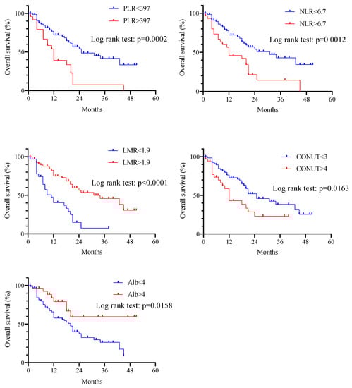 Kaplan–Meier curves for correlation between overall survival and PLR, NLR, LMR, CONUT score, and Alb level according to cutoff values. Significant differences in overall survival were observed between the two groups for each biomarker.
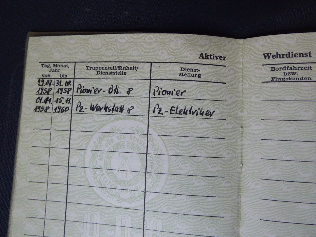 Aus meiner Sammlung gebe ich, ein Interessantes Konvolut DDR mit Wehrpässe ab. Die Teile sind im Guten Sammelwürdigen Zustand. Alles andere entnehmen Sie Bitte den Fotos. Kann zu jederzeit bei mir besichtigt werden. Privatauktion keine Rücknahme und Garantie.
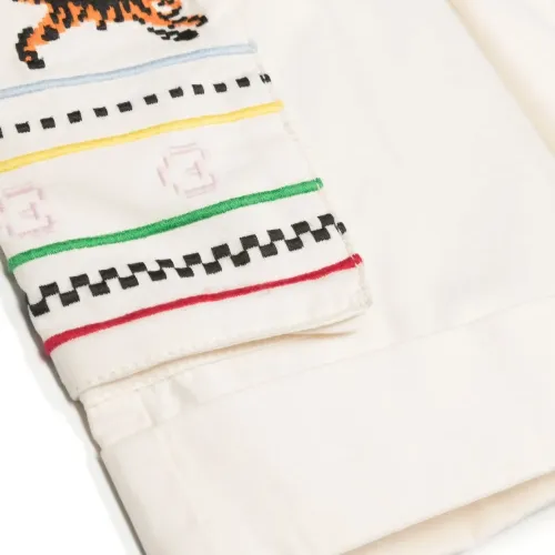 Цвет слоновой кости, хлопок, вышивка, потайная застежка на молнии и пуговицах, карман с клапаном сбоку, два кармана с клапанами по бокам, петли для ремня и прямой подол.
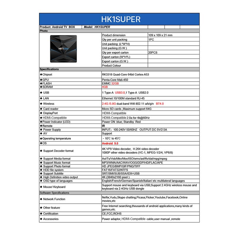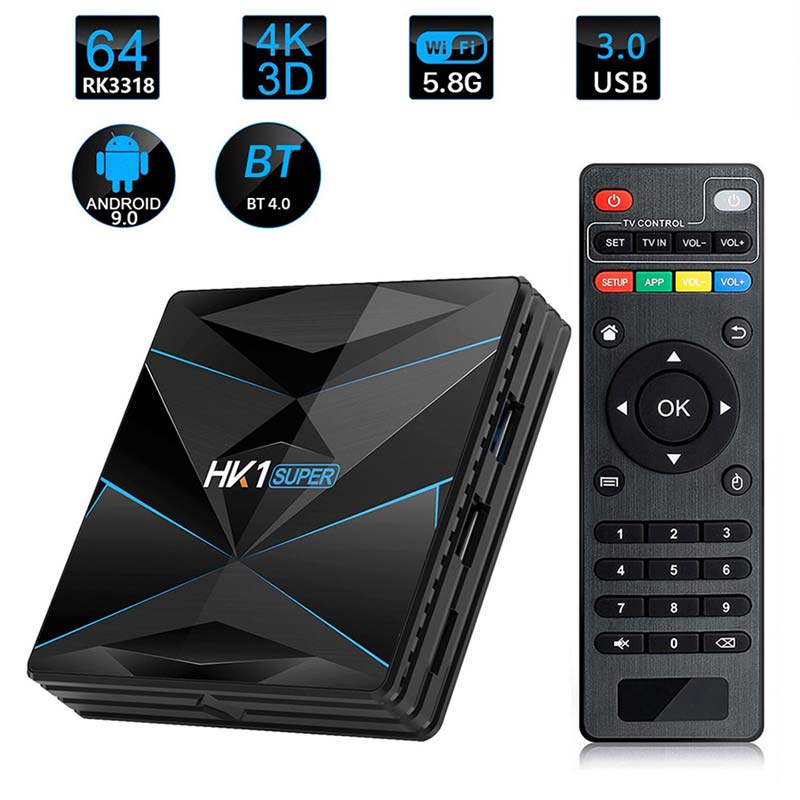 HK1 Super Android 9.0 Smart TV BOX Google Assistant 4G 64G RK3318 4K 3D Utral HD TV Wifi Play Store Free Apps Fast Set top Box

::::::::

> [Task statement]: Reproduce the material in its entirety and word for word, without the pictures.

> [Answer space]:
 Kaplan–Meier curves for correlation between overall survival and PLR, NLR, LMR, CONUT score, and Alb level according to cutoff values. Significant differences in overall survival were observed between the two groups for each biomarker.
 Aus meiner Sammlung gebe ich, ein Interessantes Konvolut DDR mit Wehrpässe ab. Die Teile sind im Guten Sammelwürdigen Zustand. Alles andere entnehmen Sie Bitte den Fotos. Kann zu jederzeit bei mir besichtigt werden. Privatauktion keine Rücknahme und Garantie.
 Цвет слоновой кости, хлопок, вышивка, потайная застежка на молнии и пуговицах, карман с клапаном сбоку, два кармана с клапанами по бокам, петли для ремня и прямой подол.
 HK1 Super Android 9.0 Smart TV BOX Google Assistant 4G 64G RK3318 4K 3D Utral HD TV Wifi Play Store Free Apps Fast Set top Box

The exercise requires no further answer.